Sunday, February 04, 2007

Social Media is Now Mainstream Media

The rise of social networking websites has been pushing everything else off the main stage. I'm referring to blogs, wiki's, RSS feeds and websites such as YouTube, MySpace, Flickr and now Facebook. These user controlled tools and websites are proliferating the Internet and the way an individual uses the Internet.

Traditional media has been playing a catch up game. They too want a piece of the puzzle. News has shifted from institutional control to consumer control. What we want and when we want it. No one is telling us what to read. We pick what we read.

But what really tells us that social media is changing how we communicate?

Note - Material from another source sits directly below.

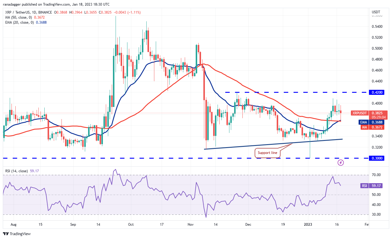Bitcoin rose above the overhead resistance of $21,480 on Jan. 17 and Jan. 18 but the bulls could not sustain the higher levels as seen from the long wick on the candlesticks. This shows that the bears are protecting the level.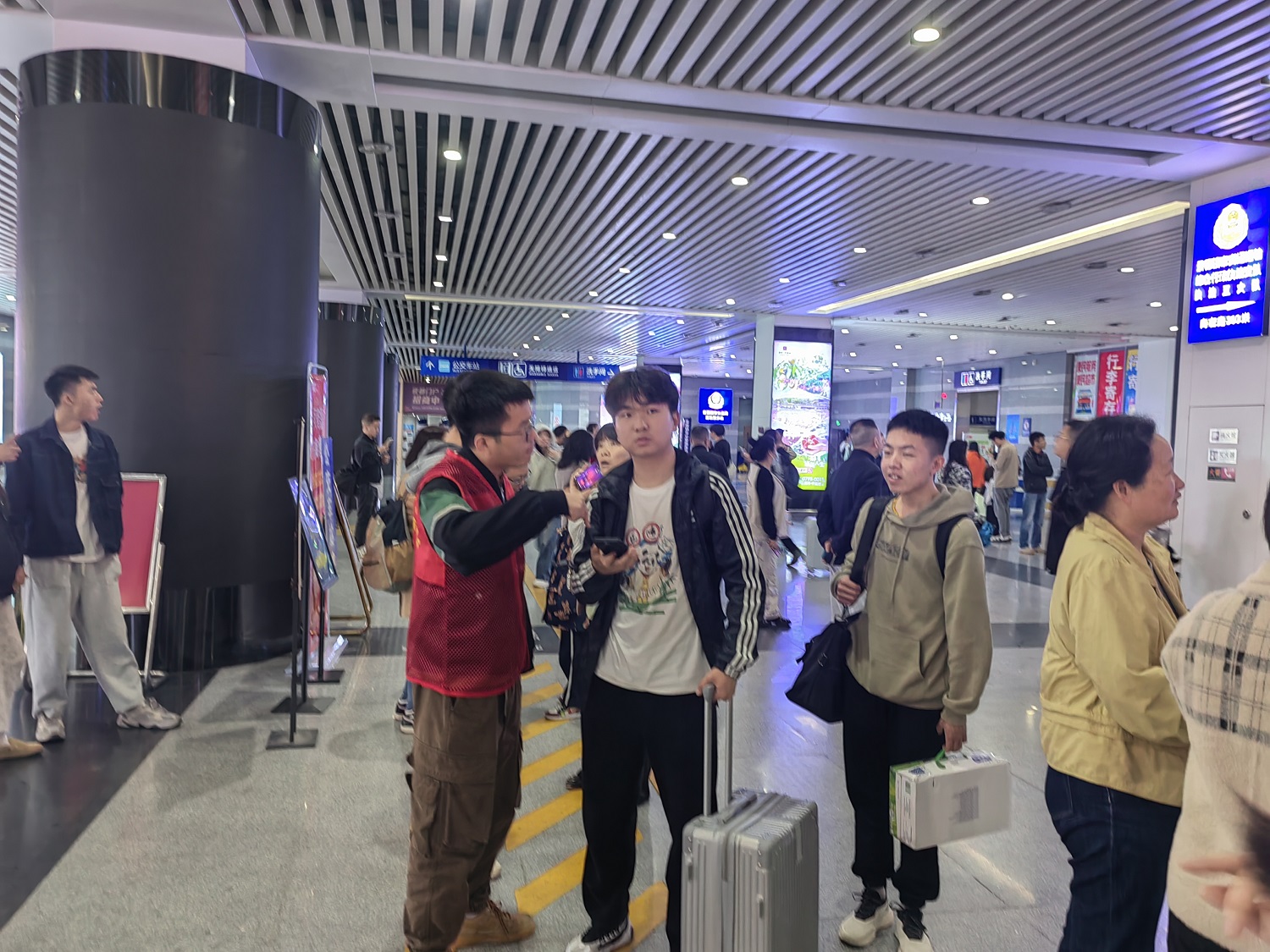 在各服務(wù)站點(diǎn),志愿者們一會兒化身導(dǎo)游,一會兒化身美食家,一會兒化身行李俠……為旅客提供周到的服務(wù),旅客們紛紛點(diǎn)贊志愿者們熱心、舒心、暖心!

Mainstream media is changing how it provides the news to its audience. According to Google Trends, podcast is a highly popular search term. Newspapers and magazines are turning to blogs to reach a new audience. And YouTube is the number one social video sharing website on the internet with 65,000 videos uploaded every day.

This makes me wonder, what else can mainstream media do to grab the attention of the social networking audience?

Get in on the fun!

Canada's Sunsilk branch hired a group of actresses to create a video where a bride turns to bridezila over a bad hair-do. The video Bride Has Massive Hair Wig Out was developed to generate millions of dollars in free publicity for the brand.

Why fool the audience? Is Sunsilk trying to cash in on the highly populated network? Do they actually think this will make you go out and buy their product?

I stumbled on a website, The Consumerist: Shoppers Bite Back, where three companies have been nominated for Best Flog 2006.

The contenders: Wal-Mart for an employee praising her boss.
McDonald's: Promoting the Monopoly game with a video (flog) and another flog written by a Monopoly winner praising how her life changed.
Sony: A flog all about wanting PS3 for Christmas.

And the winner is Sony, who takes the golden poo (yes, an actual poo).

When will marketing firms realize that trying to reach this younger "techy" generation in a "unique" way is not going to work especially if you are found out. It's not cool trying to pretend you are 20-something. Consumers are going to "bite" back and not buy into your marketing scheme. Time to find another means of getting your product exposed. Leave the social networking world alone.